Dataset extract section start

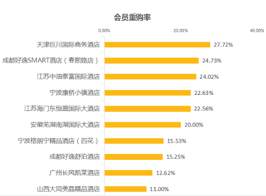 從榜單上來看,6月份的TOP10會員重購率環比5月份相差不大,呈穩定狀態。其中,天津巨川國際商務酒店以27.72%的會員重購率霸占了榜單首位,可喜可賀。另外,與往月類似,6月份的TOP10中大部分酒店的會員重購率依舊保持在20%—30%之間,沒有出現明顯的斷層現象。
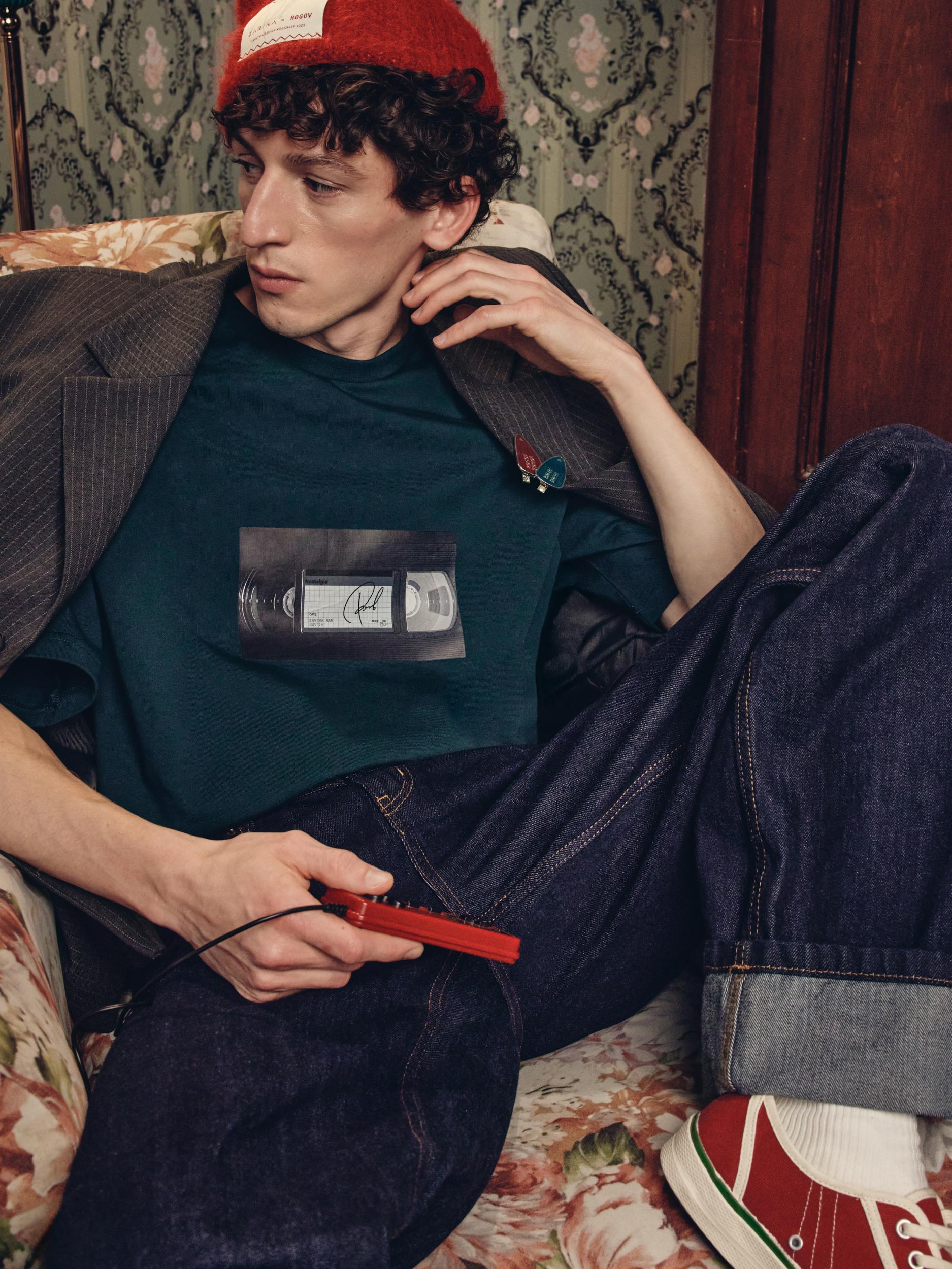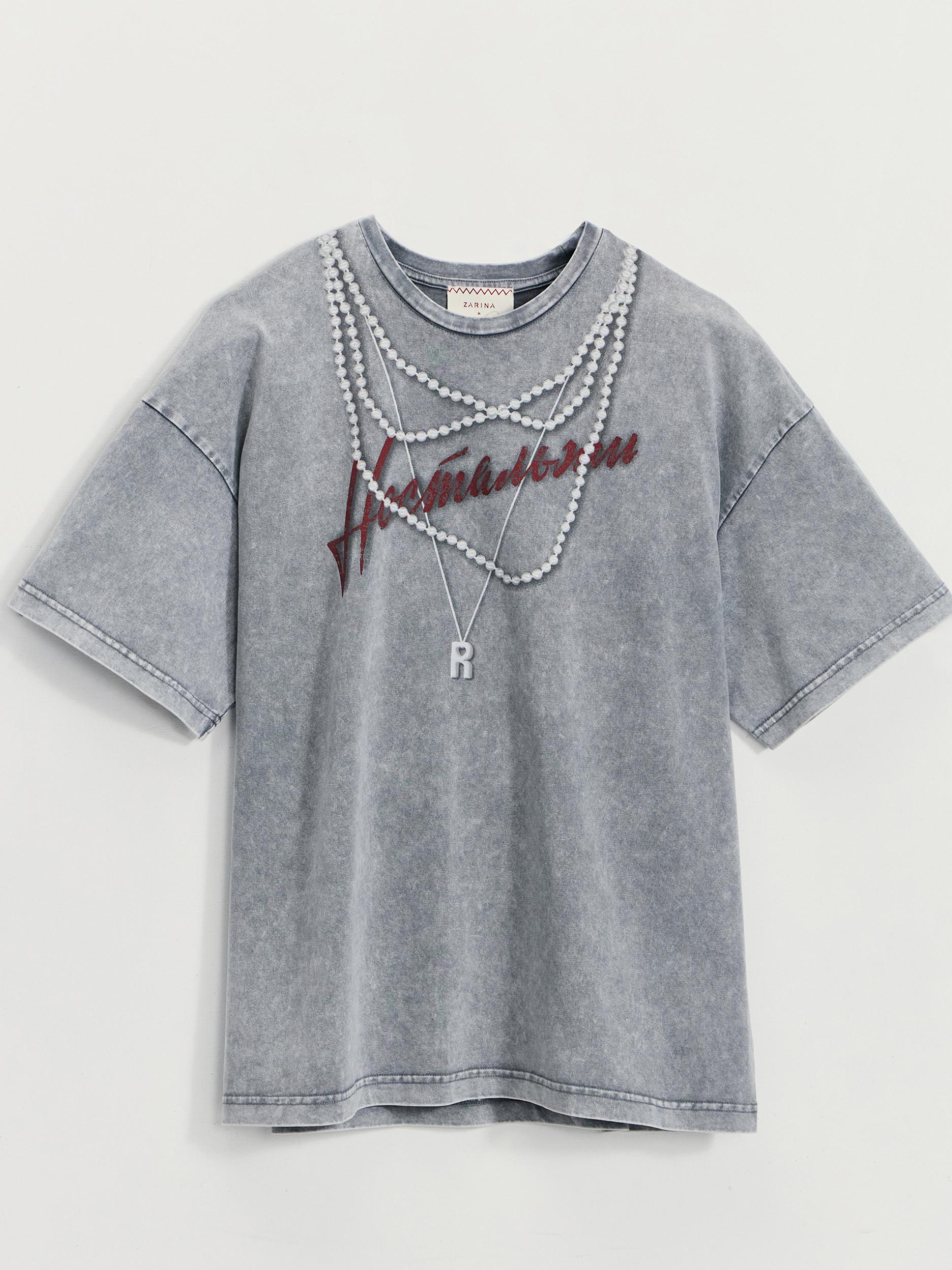 Футболка с эффектом стирки и принтом
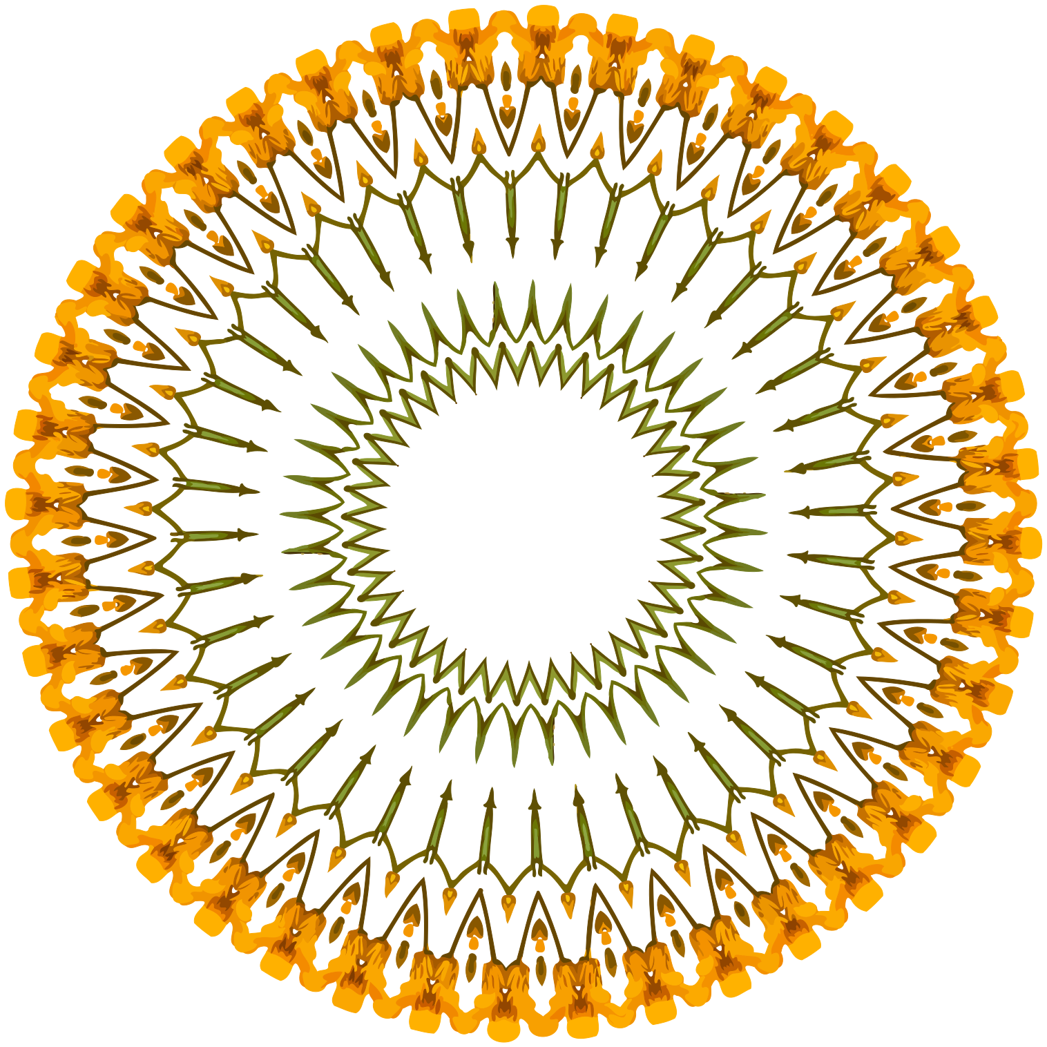 This features a large, circular design made up of numerous yellow flowers. These flowers are arranged in an intricate pattern that creates the illusion of a rotational symmetry. The design is composed of various shapes and sizes of flowers, creating a visually appealing and complex pattern. The overall effect is one of beauty and harmony, with each flower contributing to the larger composition.
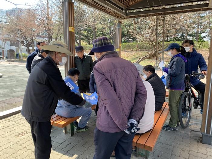 인천 부평구는 오는 19일까지 지역내 공원에서 사회적 거리두기 캠페인을 전개, 봄철 공원 이용객들을 대상으로 사회적 거리두기 집중 계도를 하며 안전한 공원 환경 조성에 나선다. 사진은 공원 이용객들에게 홍보 전단지를 배부하는 모습. (사진제공=부평구청)
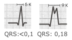 in der Form veränderten QRS-Komplexen. Je nach Breite der QRS-Komplexe spricht man von

Dataset extract section end

> [Work instructions]: Copy out each record word for word and omit any pictures.

> [Finished task]:
 從榜單上來看,6月份的TOP10會員重購率環比5月份相差不大,呈穩定狀態。其中,天津巨川國際商務酒店以27.72%的會員重購率霸占了榜單首位,可喜可賀。另外,與往月類似,6月份的TOP10中大部分酒店的會員重購率依舊保持在20%—30%之間,沒有出現明顯的斷層現象。
 Футболка с эффектом стирки и принтом
 This features a large, circular design made up of numerous yellow flowers. These flowers are arranged in an intricate pattern that creates the illusion of a rotational symmetry. The design is composed of various shapes and sizes of flowers, creating a visually appealing and complex pattern. The overall effect is one of beauty and harmony, with each flower contributing to the larger composition.
 인천 부평구는 오는 19일까지 지역내 공원에서 사회적 거리두기 캠페인을 전개, 봄철 공원 이용객들을 대상으로 사회적 거리두기 집중 계도를 하며 안전한 공원 환경 조성에 나선다. 사진은 공원 이용객들에게 홍보 전단지를 배부하는 모습. (사진제공=부평구청)
 in der Form veränderten QRS-Komplexen. Je nach Breite der QRS-Komplexe spricht man von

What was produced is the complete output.